What the task requires: For the records below, work out the number of lines holding "Clinical" and reply with only that.

Data for this exercise:

※

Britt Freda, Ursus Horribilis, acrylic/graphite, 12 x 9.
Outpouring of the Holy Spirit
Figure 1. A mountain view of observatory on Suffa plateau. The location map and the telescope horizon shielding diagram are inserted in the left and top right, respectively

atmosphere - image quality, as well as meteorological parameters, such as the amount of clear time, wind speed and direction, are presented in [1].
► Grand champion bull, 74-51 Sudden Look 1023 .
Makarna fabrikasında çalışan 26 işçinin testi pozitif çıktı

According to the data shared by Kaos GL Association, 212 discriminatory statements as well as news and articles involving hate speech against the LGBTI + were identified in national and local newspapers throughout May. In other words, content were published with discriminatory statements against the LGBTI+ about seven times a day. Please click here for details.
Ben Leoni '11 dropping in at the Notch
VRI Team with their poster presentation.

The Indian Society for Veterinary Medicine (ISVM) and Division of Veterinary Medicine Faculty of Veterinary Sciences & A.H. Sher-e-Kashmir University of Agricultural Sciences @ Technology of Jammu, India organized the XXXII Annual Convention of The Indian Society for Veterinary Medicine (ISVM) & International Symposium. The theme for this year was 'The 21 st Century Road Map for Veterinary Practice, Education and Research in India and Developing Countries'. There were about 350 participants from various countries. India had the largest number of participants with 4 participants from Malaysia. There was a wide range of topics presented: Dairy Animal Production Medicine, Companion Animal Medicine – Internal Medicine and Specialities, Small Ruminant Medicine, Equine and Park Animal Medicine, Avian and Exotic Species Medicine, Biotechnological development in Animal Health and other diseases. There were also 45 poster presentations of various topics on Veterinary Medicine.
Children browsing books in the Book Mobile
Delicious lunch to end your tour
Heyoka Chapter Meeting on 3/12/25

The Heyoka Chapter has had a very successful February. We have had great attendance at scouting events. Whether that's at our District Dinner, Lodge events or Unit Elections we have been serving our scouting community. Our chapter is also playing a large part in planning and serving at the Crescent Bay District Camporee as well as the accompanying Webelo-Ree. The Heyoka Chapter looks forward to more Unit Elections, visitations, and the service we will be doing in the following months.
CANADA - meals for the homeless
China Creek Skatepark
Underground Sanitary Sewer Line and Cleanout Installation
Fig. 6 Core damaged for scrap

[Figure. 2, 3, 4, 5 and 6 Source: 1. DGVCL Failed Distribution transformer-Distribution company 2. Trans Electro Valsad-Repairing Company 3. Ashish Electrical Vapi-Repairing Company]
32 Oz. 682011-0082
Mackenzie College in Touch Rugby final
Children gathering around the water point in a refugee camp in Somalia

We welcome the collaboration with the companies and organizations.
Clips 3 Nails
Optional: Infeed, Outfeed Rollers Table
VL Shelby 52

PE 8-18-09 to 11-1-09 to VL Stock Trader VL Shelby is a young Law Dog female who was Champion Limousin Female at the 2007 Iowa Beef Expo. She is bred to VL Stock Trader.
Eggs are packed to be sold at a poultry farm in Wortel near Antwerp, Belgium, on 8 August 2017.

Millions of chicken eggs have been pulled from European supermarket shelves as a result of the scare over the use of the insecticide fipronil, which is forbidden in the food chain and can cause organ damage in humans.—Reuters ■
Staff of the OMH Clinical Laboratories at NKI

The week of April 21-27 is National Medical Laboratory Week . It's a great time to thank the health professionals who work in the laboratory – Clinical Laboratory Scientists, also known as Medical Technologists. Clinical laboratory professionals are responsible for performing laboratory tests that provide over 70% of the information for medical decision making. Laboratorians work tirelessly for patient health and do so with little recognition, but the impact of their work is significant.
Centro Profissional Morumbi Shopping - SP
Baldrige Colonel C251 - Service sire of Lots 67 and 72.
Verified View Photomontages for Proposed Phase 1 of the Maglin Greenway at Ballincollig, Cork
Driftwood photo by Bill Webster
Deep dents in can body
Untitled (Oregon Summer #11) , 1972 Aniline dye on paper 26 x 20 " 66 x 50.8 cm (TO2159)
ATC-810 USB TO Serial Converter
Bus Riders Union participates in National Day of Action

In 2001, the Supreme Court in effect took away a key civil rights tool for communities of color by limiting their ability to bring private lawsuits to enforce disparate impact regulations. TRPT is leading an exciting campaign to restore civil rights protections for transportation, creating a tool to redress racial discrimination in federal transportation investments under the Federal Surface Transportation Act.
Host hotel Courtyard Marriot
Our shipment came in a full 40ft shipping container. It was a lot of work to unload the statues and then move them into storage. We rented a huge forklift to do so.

※

Response box: 2